■ Task goal ■
The result should be a full, exact repeat of the entries, free of pictures.
______________________________
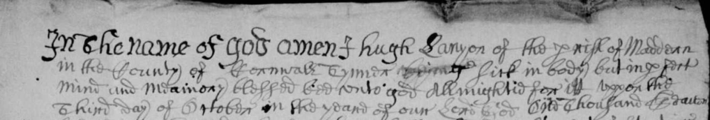 The first confirmed ‘tynner’ in the family is Hugh Lanyon 1648-1709. Hugh was born in Madron, the son of William Lanyon and Jane. He married Mary Tonkin and is described as a ‘merchant of Paul.’ His will survives and it is that document which describes him as a ‘tynner’.
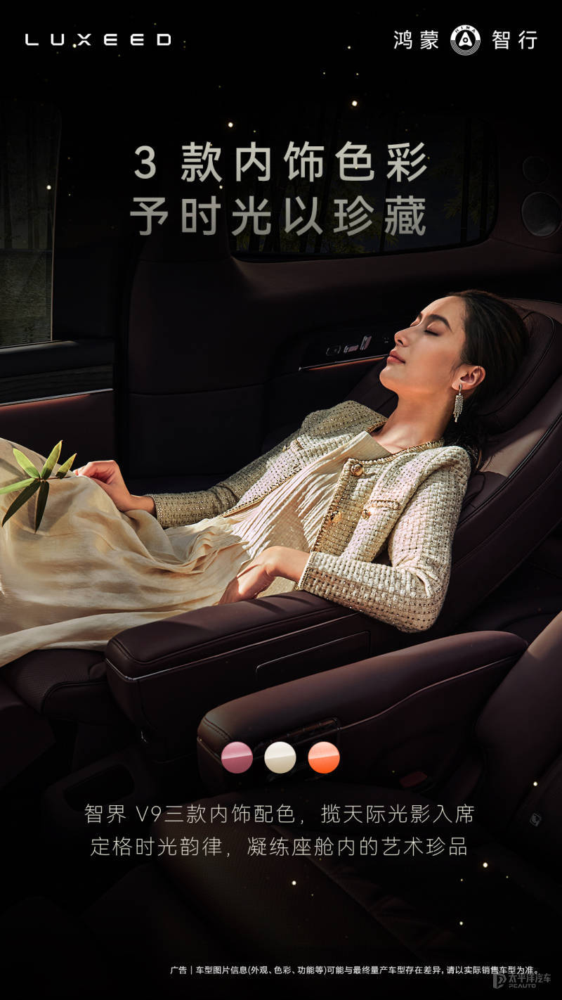 【太平洋汽车 新车频道】3月31日,智界V9官宣三款内饰配色:绒霞紫、韶华杏、赤茶橘,灵感来源于破晓微光、正午阳光和傍晚暮色的一日三时光影,满足不同用户的审美需求。
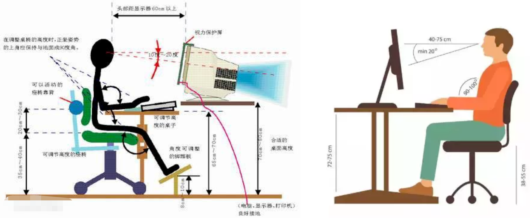 曾经键盘都放在书桌抽屉里,手必须放低去用键盘,会让整个身体向前倒,如今键盘都放在桌面上了,我们的椅子高度要让我们大臂与桌面垂直,小臂平行于桌面,这是调整桌子和椅子高度最合适的办法,挑好椅子高度后再调整显示器高度。
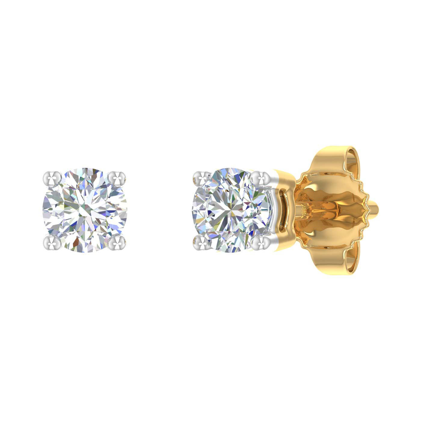 This classy 4-prong stud earrings are an amalgamation of style and sustainability. Made of 14k gold these earrings feature 1/5 carat white diamond with friction post and secured by pushback.
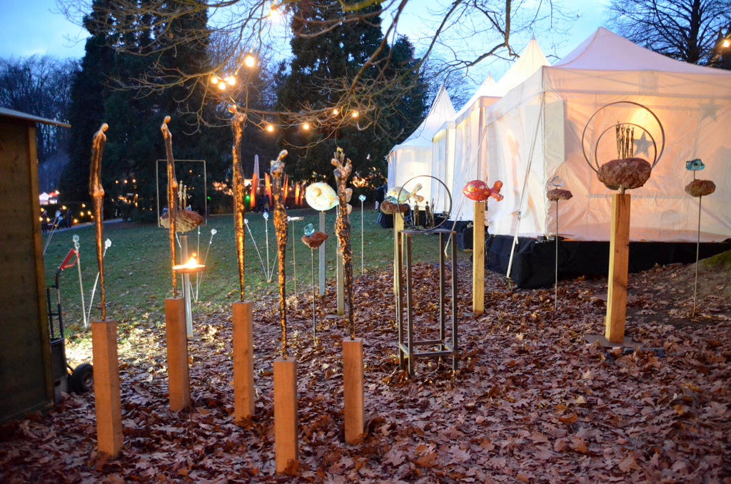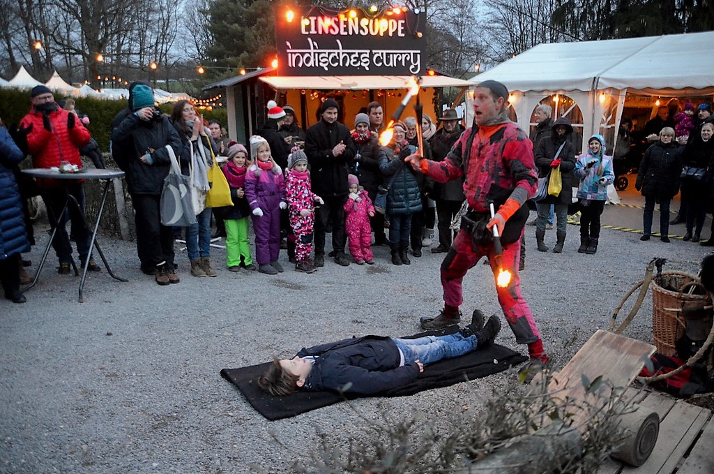 Statt der vielerorts üblichen Weihnachtsmusik von CD, die durch Lautsprecher über den Platz schallt, liegen hier klassische Klavierklänge in der Luft. Die illuminierte Parklandschaft mit Fackeln, Feuerkörben und rund 2.000 Meter Lichterketten taucht den gesamten Platz in ein zauberhaftes geheimnisvolles Licht. Ein Drechsler zeigt gekonnt, wie er aus Rundhölzern kleine Kunstobjekte erschafft. Vom Drachentöter gibt es einen Crashkurs im Armbrustschießen. Gaukler Kasper zeigt feurige Kunststücke und Jochen, der sprechende Elefant, treibt gerne seine Späße mit den Besuchern.
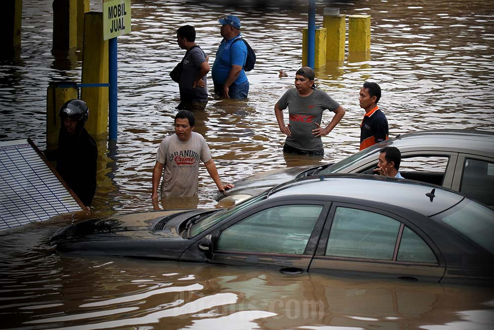 Warga menerobos banjir di Jalan T.B. Simatupang, Jakarta. Bisnis/Arief Hermawan P
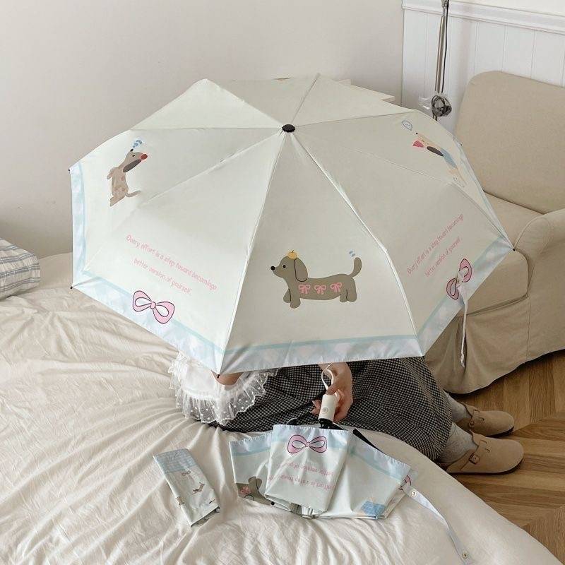 可爱全自动腊肠狗晴雨雨伞两用折叠防晒遮阳伞黑胶紫外线太阳伞
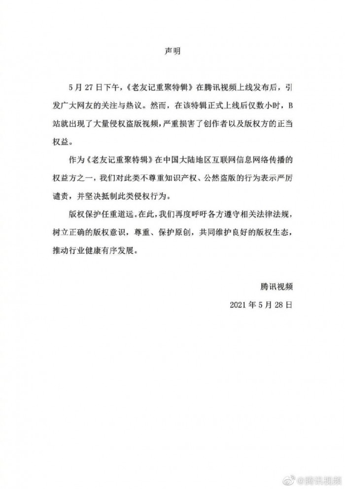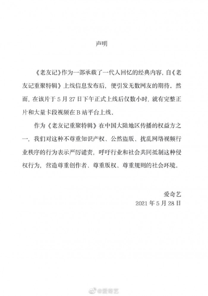 5月28日下午消息,今天15点50分,国内三大在线视频平台爱奇艺、优酷、腾讯同步刊发《声明》,谴责哔哩哔哩(B站)盗播《老友记重聚特辑》相关内容的行为。爱奇艺、优酷、腾讯表示系本剧在中国大陆地区传播权益方,B站的行为是不尊重知识产权、公然盗版、扰乱网络视频行业秩序。
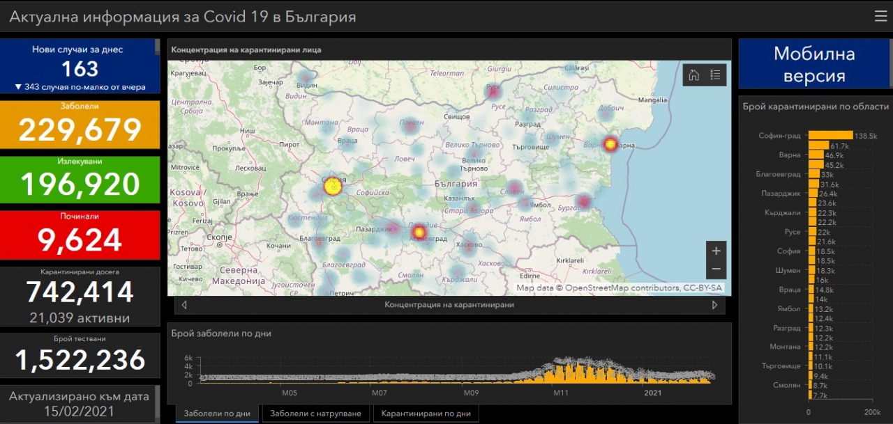 Хоспитализираните лица са 3 425, от които 301 се намират в интензивно отделение. Починалите лица с доказана коронавирусна инфекция са общо 9 624. 16 от случаите са от последните 24 часа.
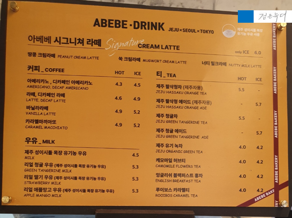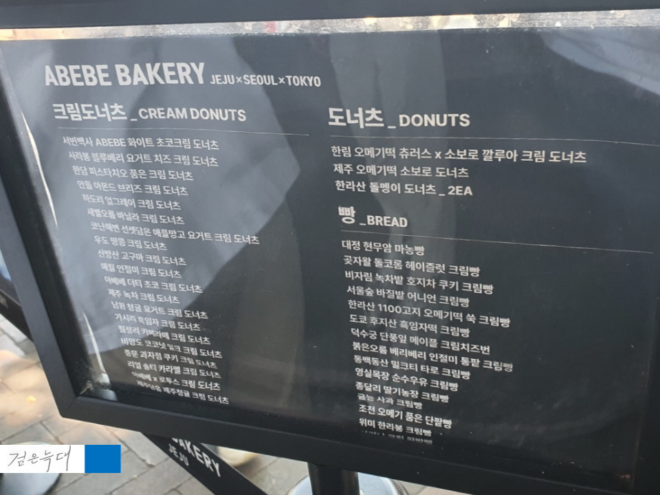 아베베 베이커리 서울의 메뉴입니다
______________________________
■ Exercise output ■
 The first confirmed ‘tynner’ in the family is Hugh Lanyon 1648-1709. Hugh was born in Madron, the son of William Lanyon and Jane. He married Mary Tonkin and is described as a ‘merchant of Paul.’ His will survives and it is that document which describes him as a ‘tynner’.
 【太平洋汽车 新车频道】3月31日,智界V9官宣三款内饰配色:绒霞紫、韶华杏、赤茶橘,灵感来源于破晓微光、正午阳光和傍晚暮色的一日三时光影,满足不同用户的审美需求。
 曾经键盘都放在书桌抽屉里,手必须放低去用键盘,会让整个身体向前倒,如今键盘都放在桌面上了,我们的椅子高度要让我们大臂与桌面垂直,小臂平行于桌面,这是调整桌子和椅子高度最合适的办法,挑好椅子高度后再调整显示器高度。
 This classy 4-prong stud earrings are an amalgamation of style and sustainability. Made of 14k gold these earrings feature 1/5 carat white diamond with friction post and secured by pushback.
 Statt der vielerorts üblichen Weihnachtsmusik von CD, die durch Lautsprecher über den Platz schallt, liegen hier klassische Klavierklänge in der Luft. Die illuminierte Parklandschaft mit Fackeln, Feuerkörben und rund 2.000 Meter Lichterketten taucht den gesamten Platz in ein zauberhaftes geheimnisvolles Licht. Ein Drechsler zeigt gekonnt, wie er aus Rundhölzern kleine Kunstobjekte erschafft. Vom Drachentöter gibt es einen Crashkurs im Armbrustschießen. Gaukler Kasper zeigt feurige Kunststücke und Jochen, der sprechende Elefant, treibt gerne seine Späße mit den Besuchern.
 Warga menerobos banjir di Jalan T.B. Simatupang, Jakarta. Bisnis/Arief Hermawan P
 可爱全自动腊肠狗晴雨雨伞两用折叠防晒遮阳伞黑胶紫外线太阳伞
 5月28日下午消息,今天15点50分,国内三大在线视频平台爱奇艺、优酷、腾讯同步刊发《声明》,谴责哔哩哔哩(B站)盗播《老友记重聚特辑》相关内容的行为。爱奇艺、优酷、腾讯表示系本剧在中国大陆地区传播权益方,B站的行为是不尊重知识产权、公然盗版、扰乱网络视频行业秩序。
 Хоспитализираните лица са 3 425, от които 301 се намират в интензивно отделение. Починалите лица с доказана коронавирусна инфекция са общо 9 624. 16 от случаите са от последните 24 часа.
 아베베 베이커리 서울의 메뉴입니다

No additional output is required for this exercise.